I'm on 8 aswell and yeah pretty much alright. Never experienced anything like you mentioned though. Hope it was a one time freak event.


----------



## w_man (Apr 16, 2010)

We had a similar issue a few nights back and we are in the Marina. The guard told me that some water leaked from the air conditioning unit and they were refilling it?!??! It took them a few hours but now it's fixed and hasn't happened again.


----------



## exp (Oct 3, 2012)

Were you able to get any resolution to the problem?

@smit1989 : Please could share the number of the maintenace guys, if you still have.

I have been having this problem the entire summer, had even bought a dehumidifier but to no avail. 
The cooling takes place properly, however, when only the fan is running, it throws out warm air raising the humidity in the room to 80%.


----------



## Canuck_Sens (Nov 16, 2010)

Had some similar issues. 1st time the maintenance guys fixed and I asked them to clean the whole a/c system because I knew it was mold. Had evidence and I was getting sick and I barely get sick.

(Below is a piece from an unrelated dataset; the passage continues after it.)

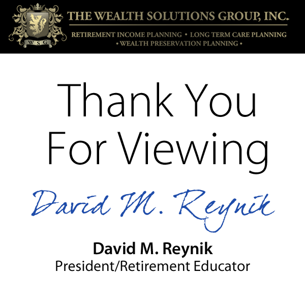 By watching this video, you may be at some point in the future be solicited for a no cost, no obligation one on one appointment to discuss what your financial goals maybe. Dave Reynik a 30 year veteran to the financial services industry and a licensed insurance professional with a focus on retirement planning by using insurance and annuity related products will most likely be that person contacting you.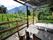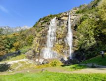 "Fienile nel Vigneto", 2 -sobni apartman 40 m2 na 2 etaže, u povišenom prizemlju. Potpuno renoviran godine 2019, stilski i s puno drva uređen: otvorena dnevno-spavaća soba s 1 kaučem za 1 osobu. Izlaz u vrt, na terasu. Kuhinjska niša (2 plamena za kuhanje). Donji kat: 1 otvorena bračna soba s peći na drva. Tuš/bidet/WC. Grijanje. Drveni pod. Garnitura za sjedenje. Vrlo lijep panoramski pogled na planine, dolinu i Cascate dell' Acquafraggia. Na raspolaganju: sušilo za kosu, drvo (uz doplatu). Dodatna informacija: apartman za nepušače. Najviše 1 kućni ljubimac / pas dozvoljen. Vlastiti ulaz.- postrojenja

Whenever I have these issues I let a lot of fresh air inside that have been working wonders.

On a 2nd note, you owe me a breakfast in AD when I used to live there....


----------



## exp (Oct 3, 2012)

Got ya....the ducts were cleaned by the last technician that visited my place.
Actually every other A/C technician (nearly 3/4 people) had their own viewpoint around this problem but none were able to resolve it.

Many commented that "some unit" on the roof of the building is not functioning hence this problem, but I don't think any other tenant has issues of my kind (after asking few neighbours)
One of the technician actually cleaned the tray where the water was getting accumulated, but even that didn't make any difference 

Any pointer to the right company/person is appreciated.


----------